SI
SI
discoversearch

We've detected that you're using an ad content blocking browser plug-in or feature. Ads provide a critical source of revenue to the continued operation of Silicon Investor.  We ask that you disable ad blocking while on Silicon Investor in the best interests of our community.  If you are not using an ad blocker but are still receiving this message, make sure your browser's tracking protection is set to the 'standard' level.
Technology Stocks : Advanced Micro Devices - Moderated (AMD)
AMD 214.990.0%Dec 26 9:30 AM EST

 Public ReplyPrvt ReplyMark as Last ReadFilePrevious 10Next 10PreviousNext  
To: wanna_bmw who wrote (53159)8/31/2001 6:43:04 PM
From: fyodor_Read Replies (1) of 275872
 
Wanna: adding more associativity does not make the cache more difficult to design. It only requires changes in logic that are straight forward to accomplish. Ask any designer on this forum. It becomes difficult to reduce access times, while at the same time increasing associativity, but that is another matter entirely. What is more difficult is designing a larger cache, because the larger number of transistors can cause a higher defect rate per die, and thus lower yields considerably. Therefore, the designer must include extra redundancy, which increases the size of the die.

I think you guys a missing the forest for the trees on this issue.

Going with a high associativity certainly has its advantages, but also comes with a cost - mainly latency (and power consumption, IIRC).
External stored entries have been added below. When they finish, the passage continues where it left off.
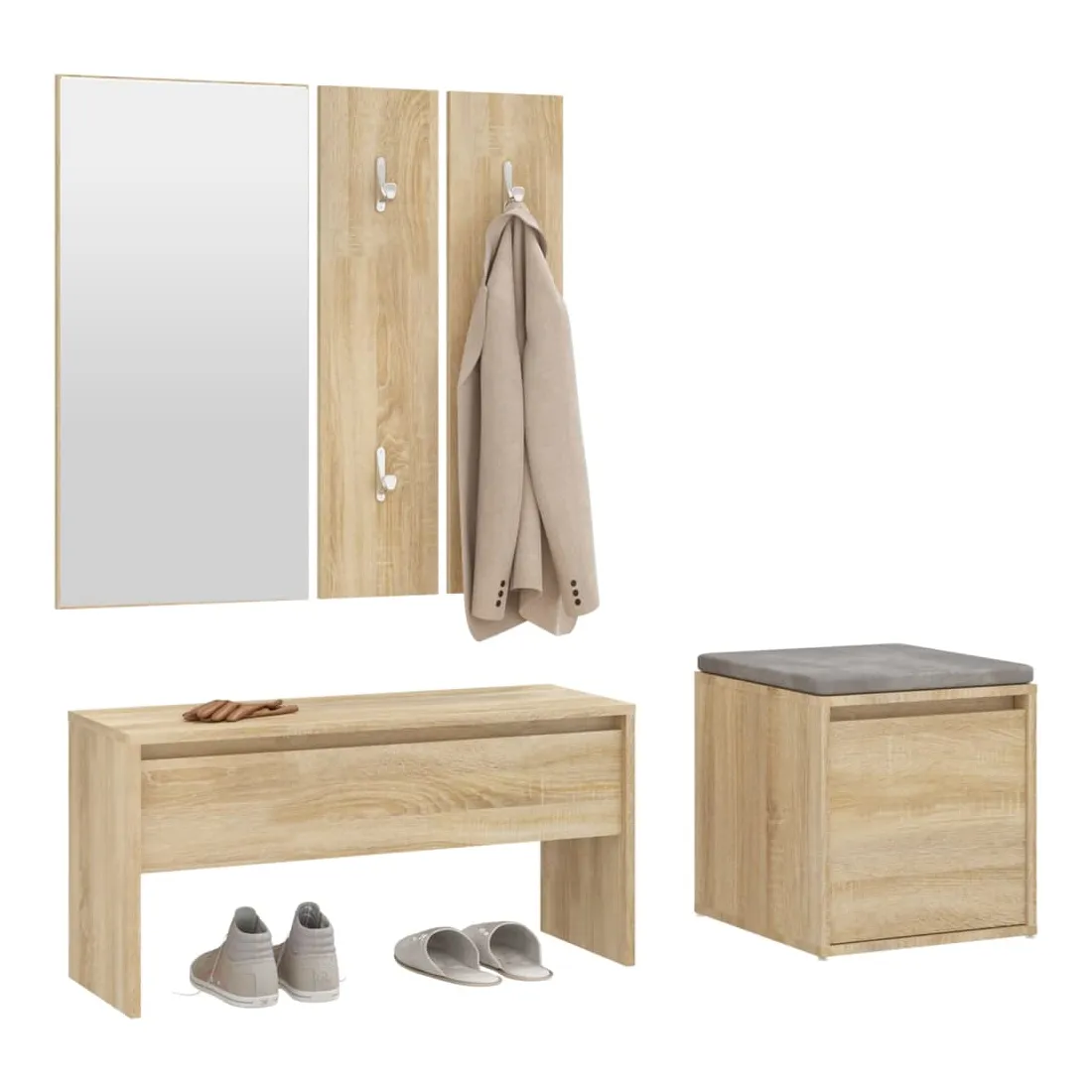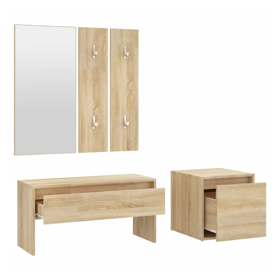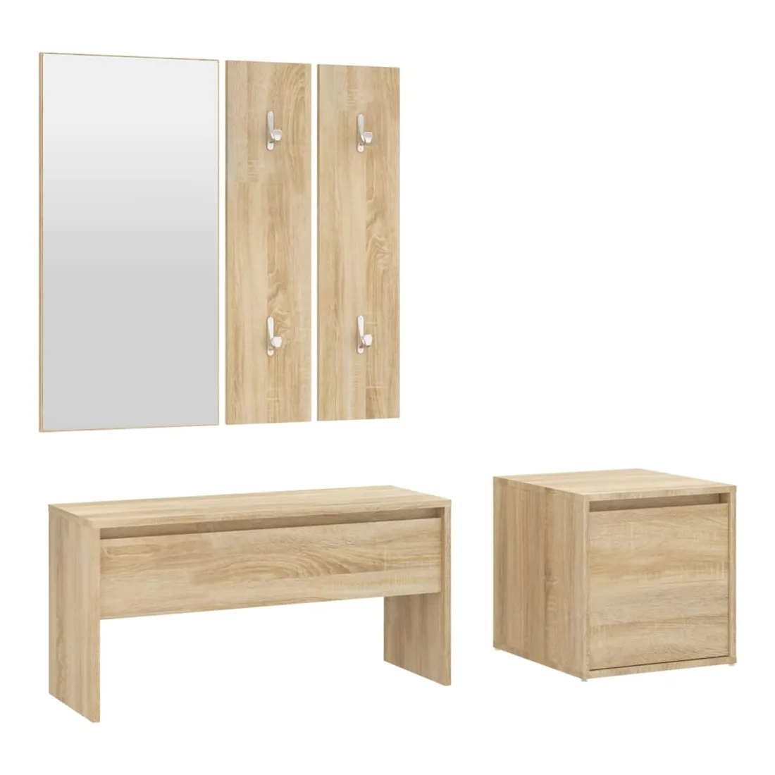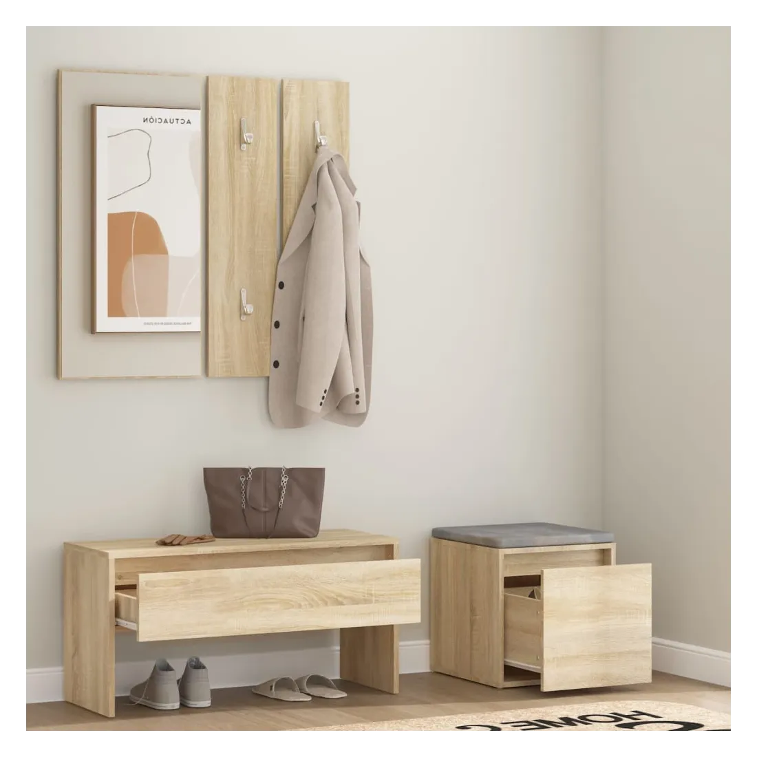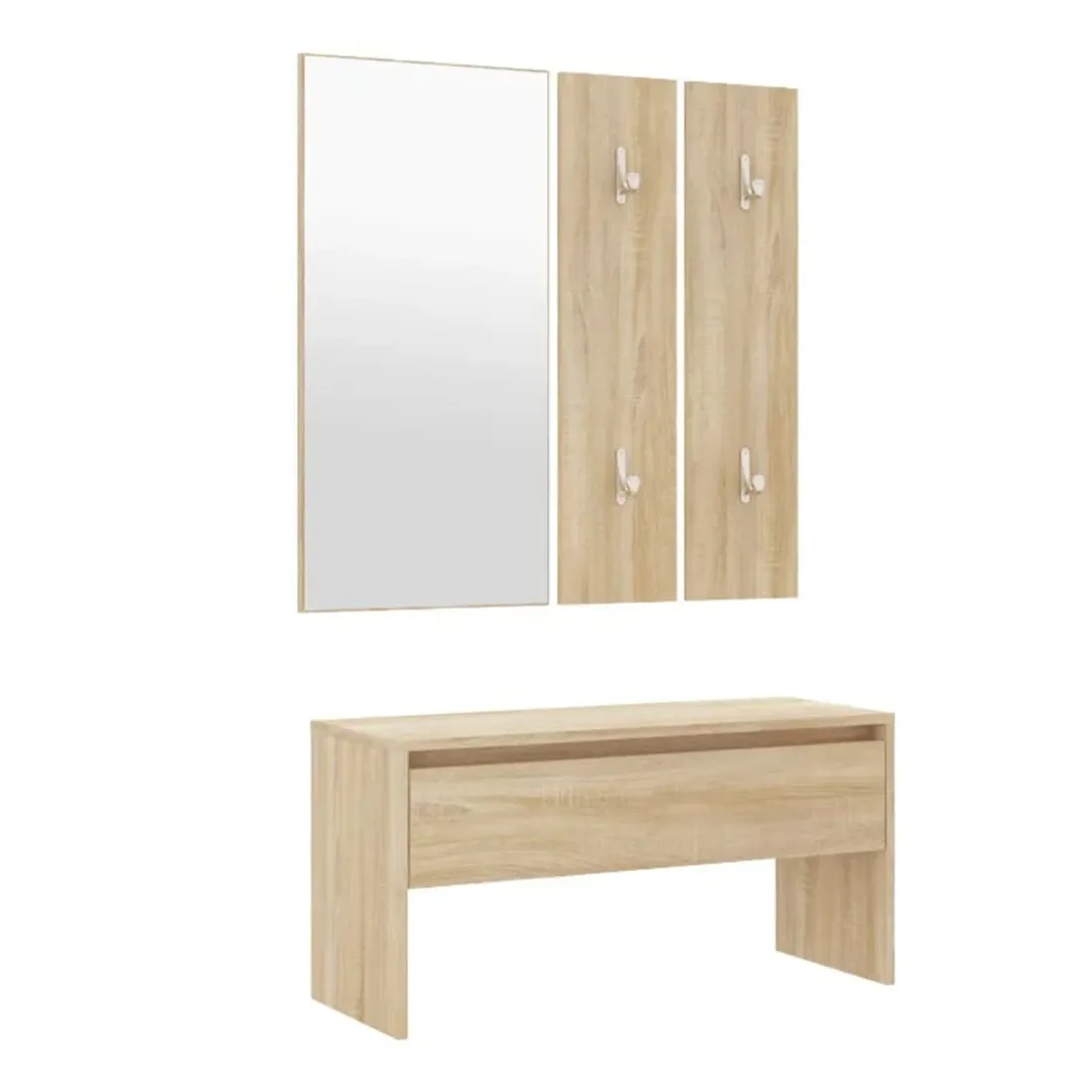Créez un environnement chaleureux et accueillant juste à côté de votre porte avec cet ensemble de meubles de couloir ! Matériau robuste : le bois d'ingénierie est d'une qualité exceptionnelle avec une surface lisse et présente également résistance, stabilité et résistance à l'humidité.Grand espace de rangement : le banc d'entrée et le tiroir boîte disposent d'un tiroir, offrant un grand espace de rangement pour ranger les chaussures et autres articles essentiels.Design multifonctionnel : le banc et la boîte de couloir peuvent être utilisés à la fois comme rangement et comme un endroit pour ranger vos objets décoratifs préférés dans votre espace de vie. Ils peuvent également servir de sièges lorsque vous enfilez ou retirez vos chaussures.Design pratique : le miroir pratique et les porte-manteaux sont pratiques pour suspendre vos vêtements et regarder dans le miroir. Remarque :Chaque produit est livré avec un manuel de montage dans la boîte pour un montage facile.Les vis et les chevilles pour l'intérieur du mur ne sont pas incluses. Recherchez et utilisez des vis et des chevilles adaptées à vos murs. Si vous n'êtes pas sûr, demandez conseil à un professionnel. Lisez et suivez attentivement chaque étape des instructions.
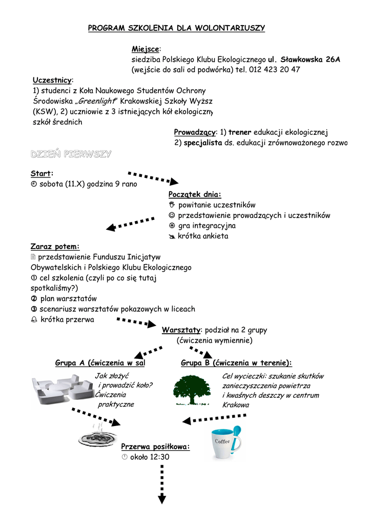 PROGRAM SZKOLENIA DLA WOLONTARIUSZY Miejsce: siedziba Polskiego Klubu Ekologicznego ul. Sławkowska 26A (wejście do sali od podwórka) tel. 012 423 20 47 Uczestnicy: 1) studenci z Koła Naukowego Studentów Ochrony Środowiska „Greenlight” Krakowskiej Szkoły WyŜszej (KSW), 2) uczniowie z 3 istniejących kół ekologicznych ze szkół średnich Prowadzący: 1) trener edukacji ekologicznej 2) specjalista ds. edukacji zrównowaŜonego rozwoju DZIEŃ PIERWSZY Start: sobota (11.X) godzina 9 rano Początek dnia: powitanie uczestników ☺ przedstawienie prowadzących i uczestników gra integracyjna krótka ankieta Zaraz potem: przedstawienie Funduszu Inicjatyw Obywatelskich i Polskiego Klubu Ekologicznego cel szkolenia (czyli po co się tutaj spotkaliśmy?) plan warsztatów scenariusz warsztatów pokazowych w liceach ֠ krótka przerwa Warsztaty: podział na 2 grupy (ćwiczenia wymiennie) Grupa A (ćwiczenia w sali) Grupa B (ćwiczenia w terenie): Jak złoŜyć i prowadzić koło? Ćwiczenia praktyczne Przerwa posiłkowa: około 12:30 Cel wycieczki: szukanie skutków zanieczyszczenia powietrza i kwaśnych deszczy w centrum Krakowa Warsztaty ciąg dalszy: zamiana grupa A idzie w teren, grupa B zajęcia w sali ֠ krótka przerwa Zakończenie dnia: podsumowanie dnia warsztatowego zapowiedź programu na niedzielę Koniec pierwszego dnia: około 14 DZIEŃ DRUGI Start: niedziela (12.X) godzina 11 rano Początek dnia: powitanie uczestników ☺ przypomnienie treści pierwszego dnia szkolenia plan warsztatów Warsztaty: praca w zespołach warsztatowych (ćwiczenia prezentacji) jak załoŜyć koło ciekawe tematy ćwiczenie praktyczne ֠ krótka przerwa Ustalenia organizacyjne: przypomnienie harmonogramu warsztatów w liceach i przyporządkowania grup warsztatowych ustalenie sposobu komunikacji z biurem projektu ankieta ☺ Rozdanie certyfikatów ukończenia szkolenia Koniec: około 15 Szkolenia są częścią projektu „MłodzieŜowi animatorzy zrównowaŜonego rozwoju” realizowanego ze środków otrzymanych od Ministerstwa Pracy i Polityki Społecznej w ramach Rządowego Programu – Fundusz Inicjatyw Obywatelskich przez Polski Klubu Ekologiczny.
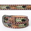 This beautifully hand-tooled, hand-painted all leather belt is perfect in every way! It can work for either men or women and would add a nice touch to any wardrobe. It comes with a really nice stamped buckle that can be swapped out for your trophy buckle easily.
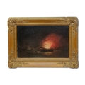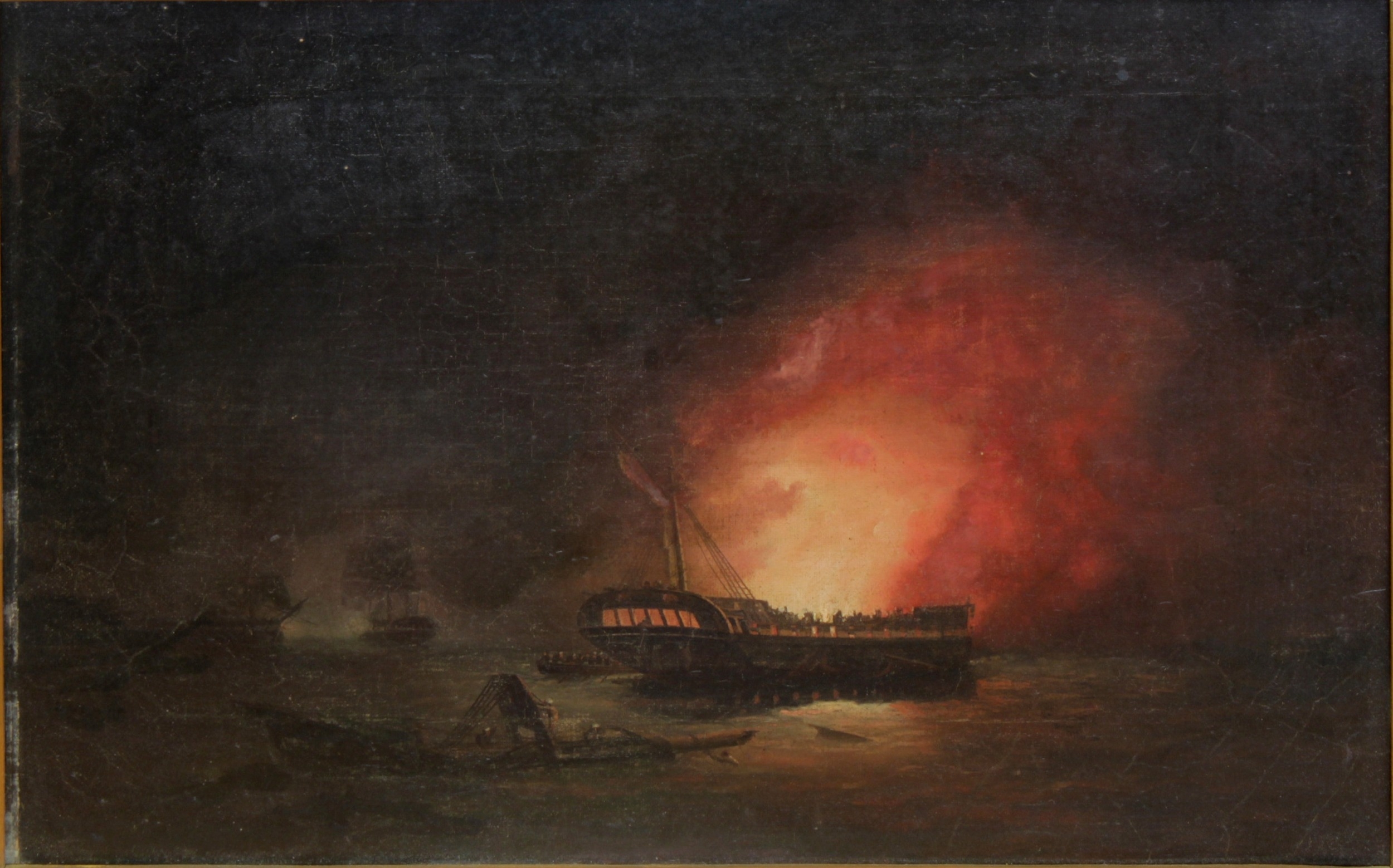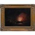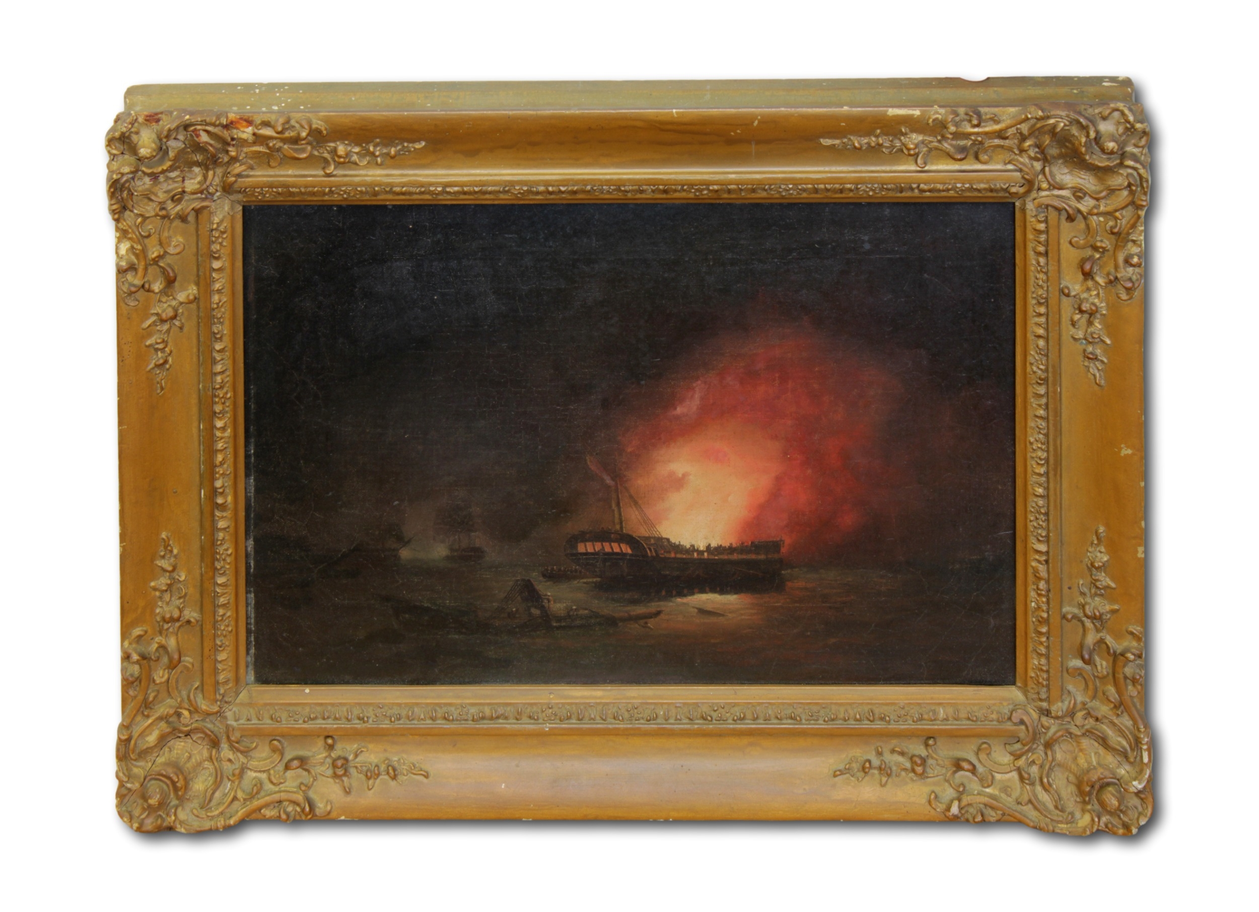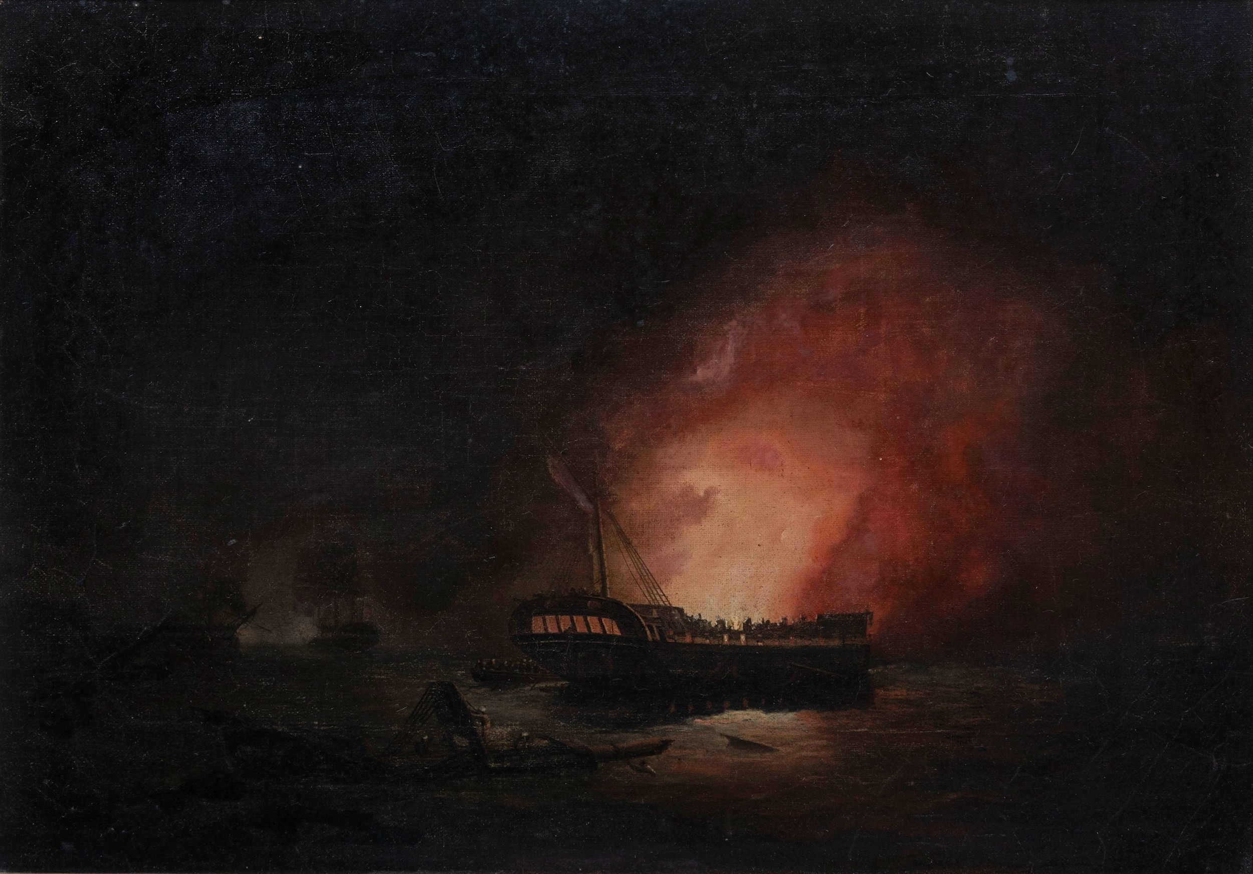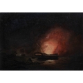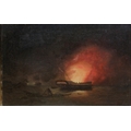 Attributed to Thomas Butterworth (British, 1768-1828), Burning the hulkoil on canvas, unsigned, 19th century swept frame, later gold painted27.3 x 39.4cm.
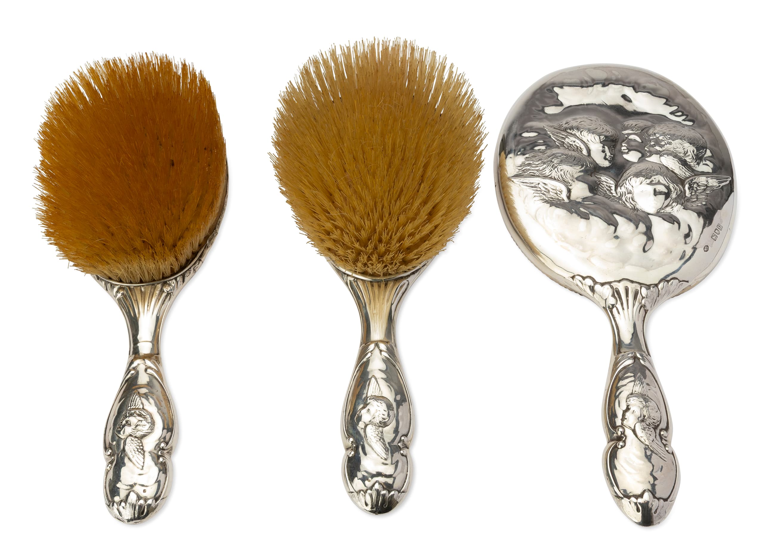 [FROM THE ESTATE OF ELIZAVETA DEMIDOVA-OBOLENSKAYA] STERLING SILVER DRESSING TABLE SET COMPRISING TWO BRUSHES AND A MIRROR Including Mark of William Comyns, London, 1896-1900
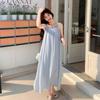Blue Small Fresh Seaside Romantic Long Dress Summer New Romantic Neck Dress Women

It seems to me that both AMD and Intel are doing exactly what is in their best interest. Intel chooses to minimize latency, which will tend to give lower performance on "non-optimized" code (boy, that phrase is getting worn these days), but allows much higher performance on really well-optimized code. And since Intel is not only the de facto standard, but is also able to heavily influence benchmarks, it makes sense for Intel to go the low-latency route. AMD, on the other hand, needs its chips to perform well on code optimized for other architectures. This means that it cannot afford to sacrifice performance on non-optimized code, since virtually all benchmarks will be just that, non-optimized.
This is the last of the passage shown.